Potters Bar War Memorial is a Grade II listed war memorial situated in the churchyard of St John the Baptist Church, Potters Bar, Hertfordshire, England. It commemorates the servicemen from Potters Bar who died during the First World War and the Second World War.

== History ==

The memorial was designed by the British architect Sir Reginald Blomfield, who was responsible for several other war memorials, including the Menin Gate in Ypres.

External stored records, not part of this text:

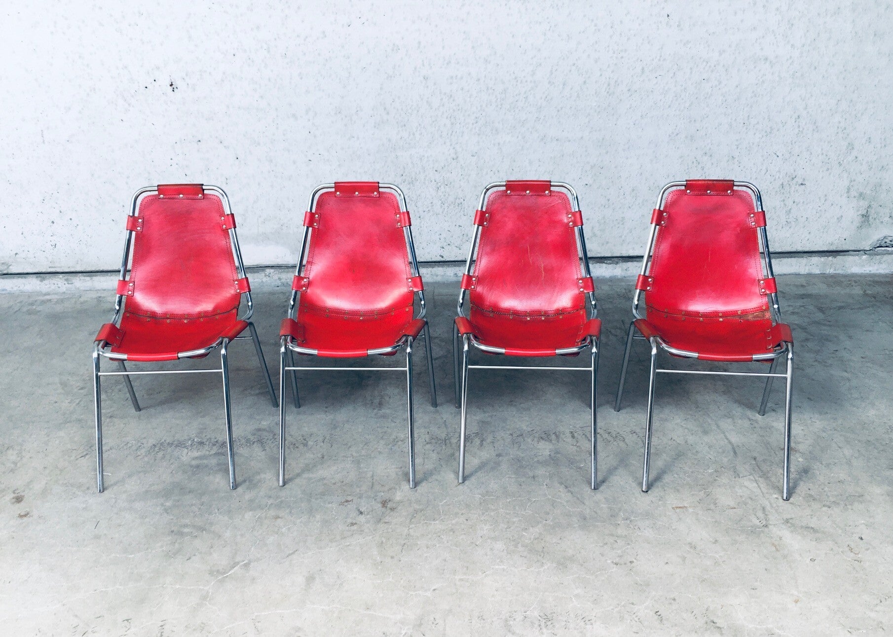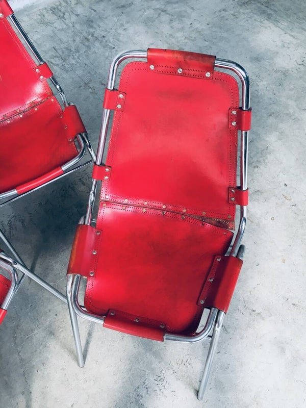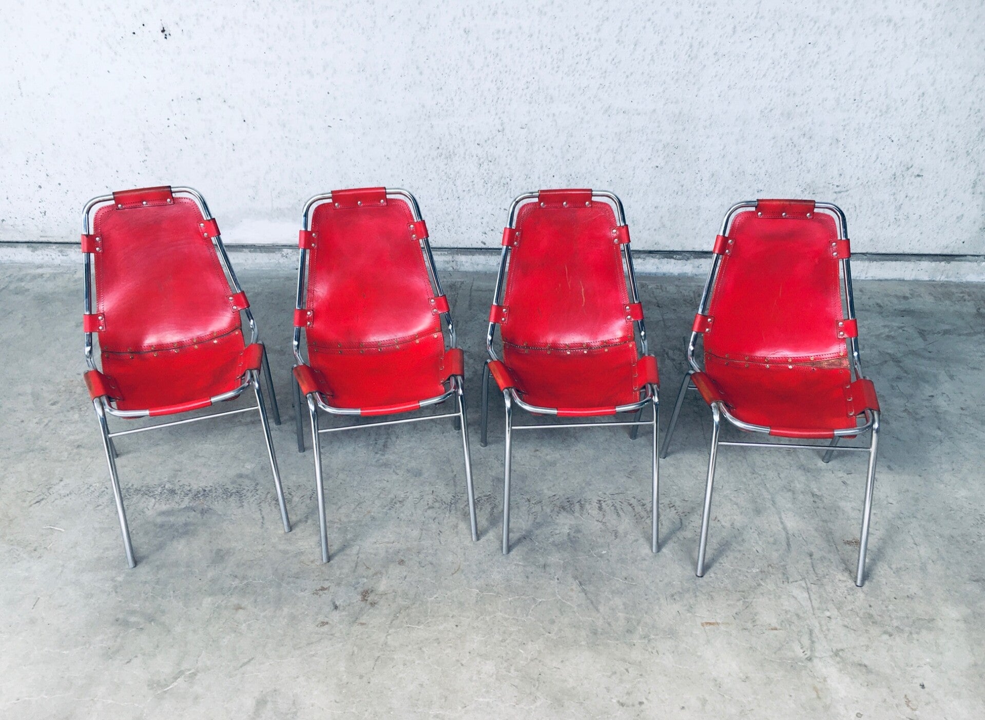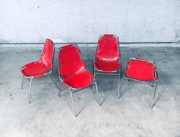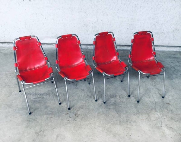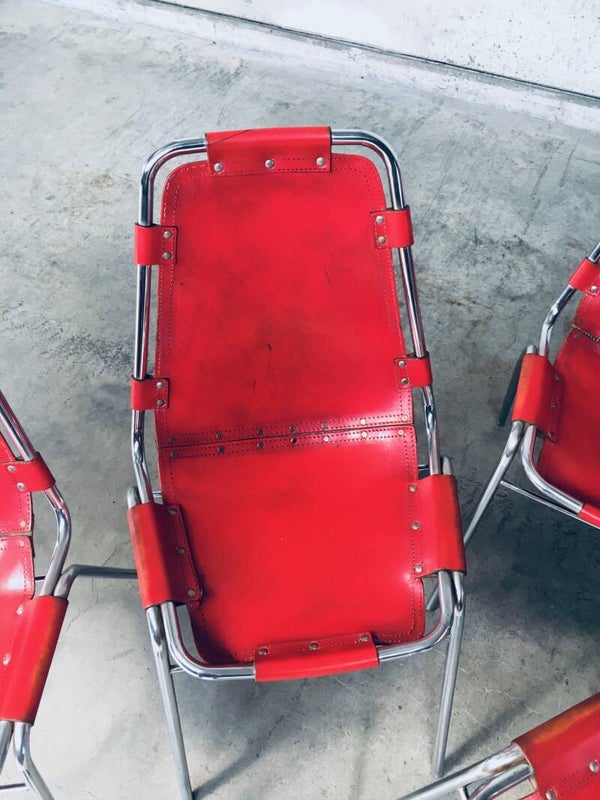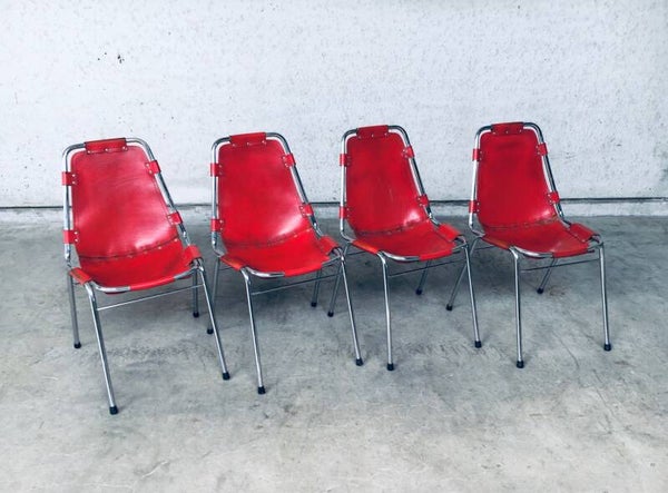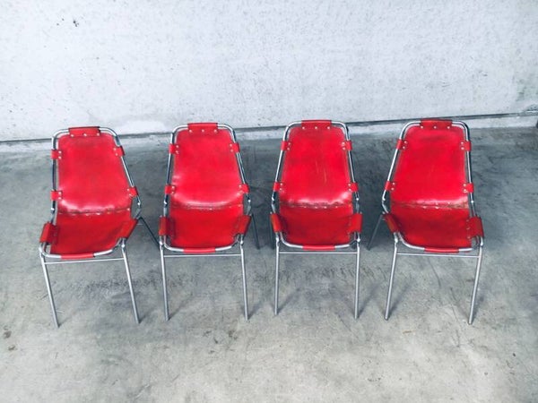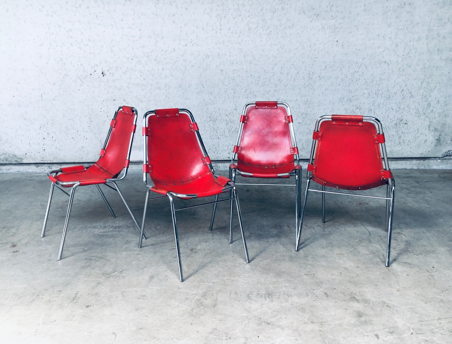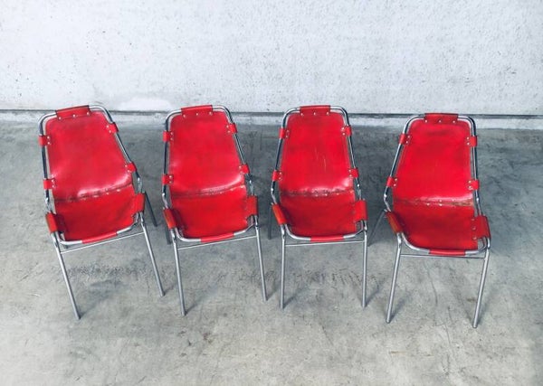 Vintage Midcentury Modern Design Dining Chairs selected by Charlotte Perriand for Les Arcs. Set of 4 in chrome with red leather seats. Dal Vera, Italy, 1960's. All original. They are in well used condition. All 4 have had rivets been placed as reinforcement from the seat panel to the back panel, this has been done in the 1970's. Check pictures for condition. Each chair measures: 84cm x 48cm x 50cm.
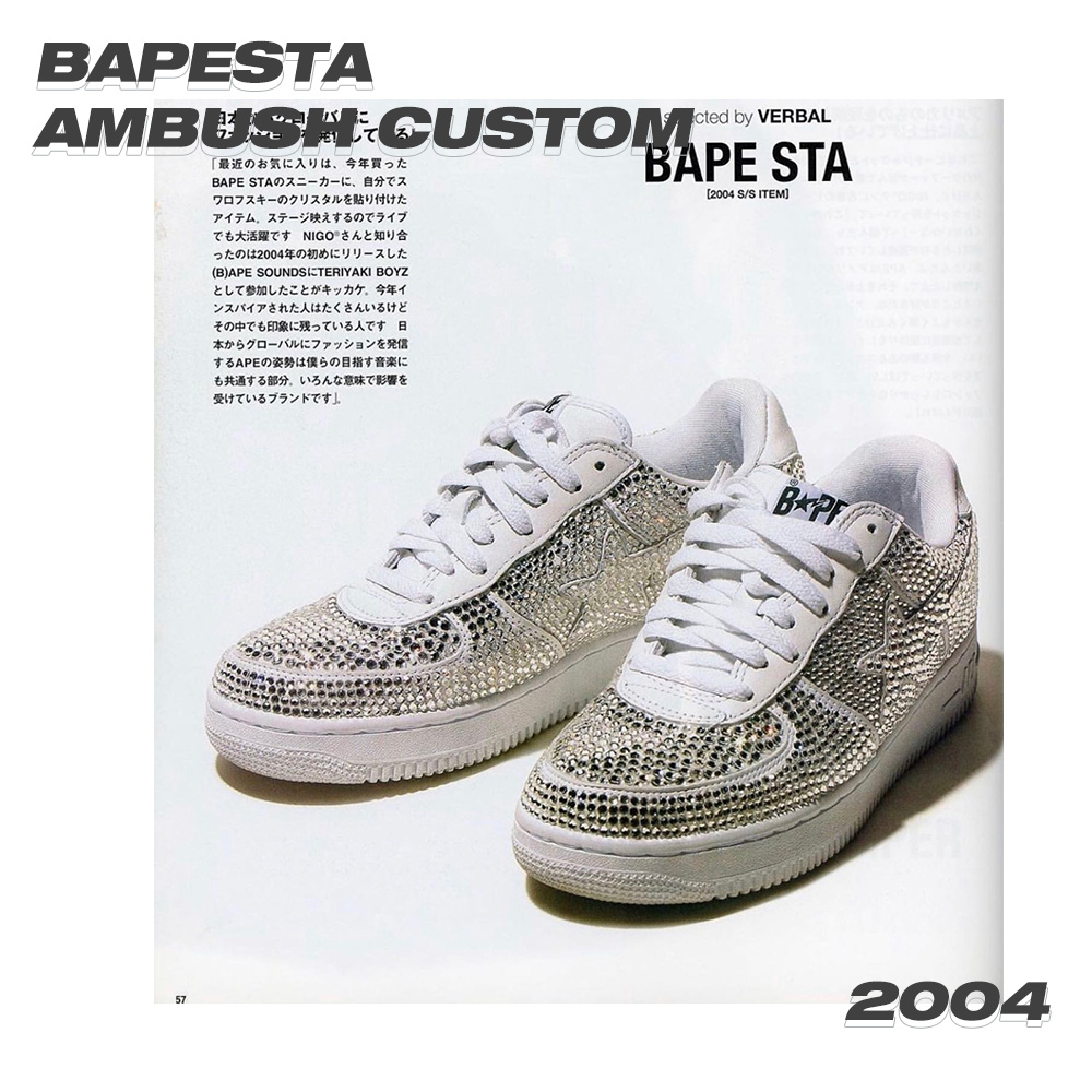 AMBUSH® 当时还不像现在,还是由 Verbal 作为品牌主要的活跃人物。同属 Teriyaki Boyz 成员的他固然和 NIGO® 以及 BAPE® 都拥有绝对密切的关系,这双满布颗粒水钻的 BAPESTA 便是当时特别定制的款式。
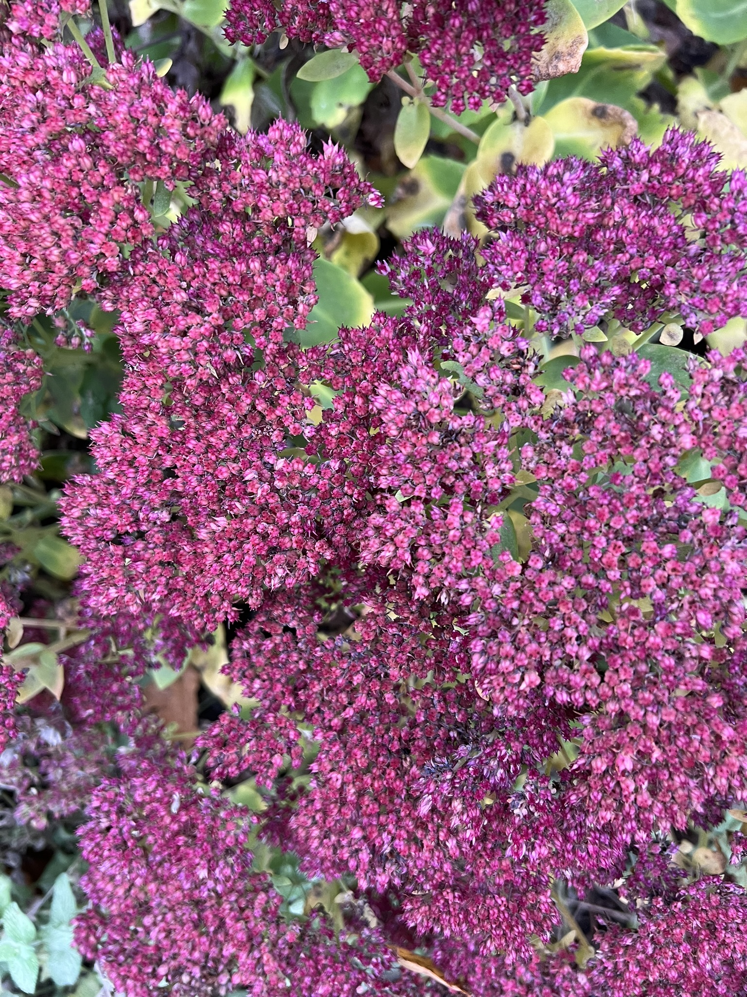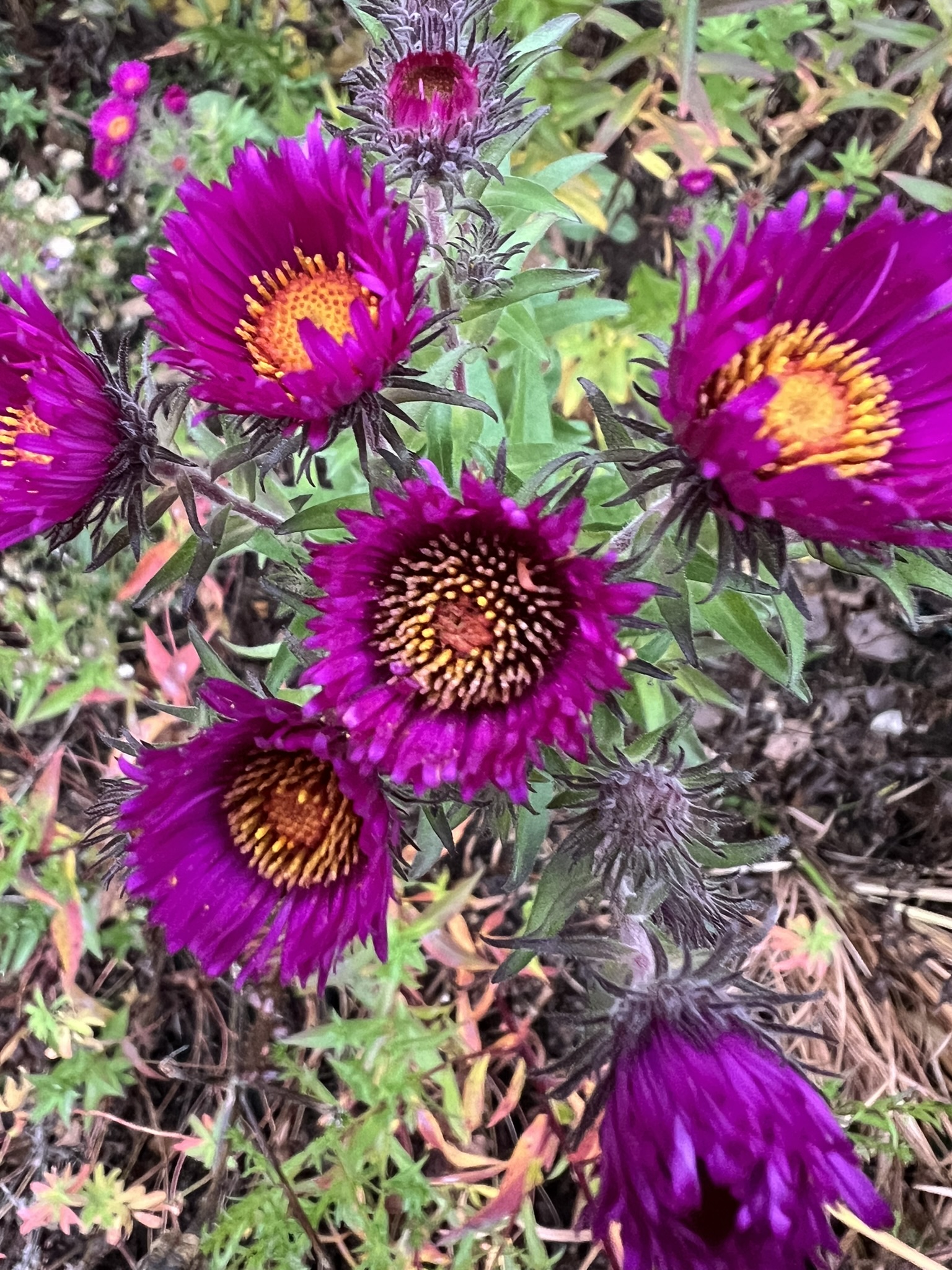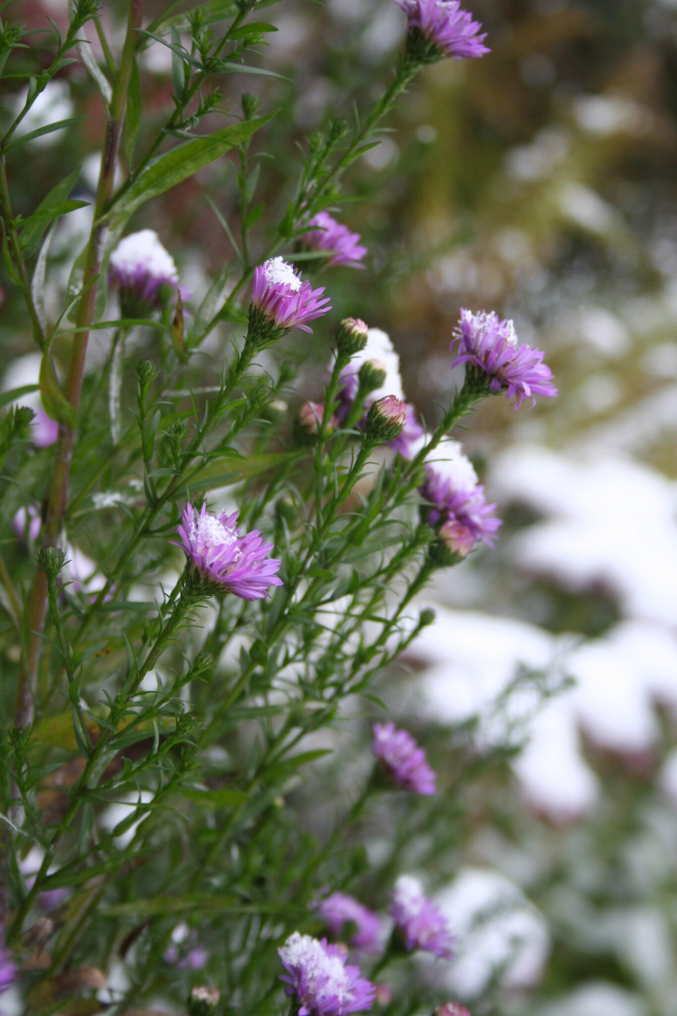 De snaste astrarna blommar fortfarande i november.Höstsedum blommar länge.Aster har fått en snöhätta i november.

It was erected after the First World War to commemorate local residents who had died during the conflict. Following the Second World War, additional names were inscribed to honour those who died in that war.

== Design ==

The memorial is in the form of a tall stone Celtic cross on a tapering shaft and square plinth. Fixed to the base are bronze plaques that record the names of the fallen from both World Wars. The inscription "THEIR NAME LIVETH FOR EVERMORE" is engraved on the memorial.

Blomfield’s design is consistent with his broader work on war memorials, which were often characterised by classical or cross forms, and a focus on dignity and permanence.

The Celtic cross was a widely adopted form in British war memorials of the period, symbolising sacrifice and commemoration.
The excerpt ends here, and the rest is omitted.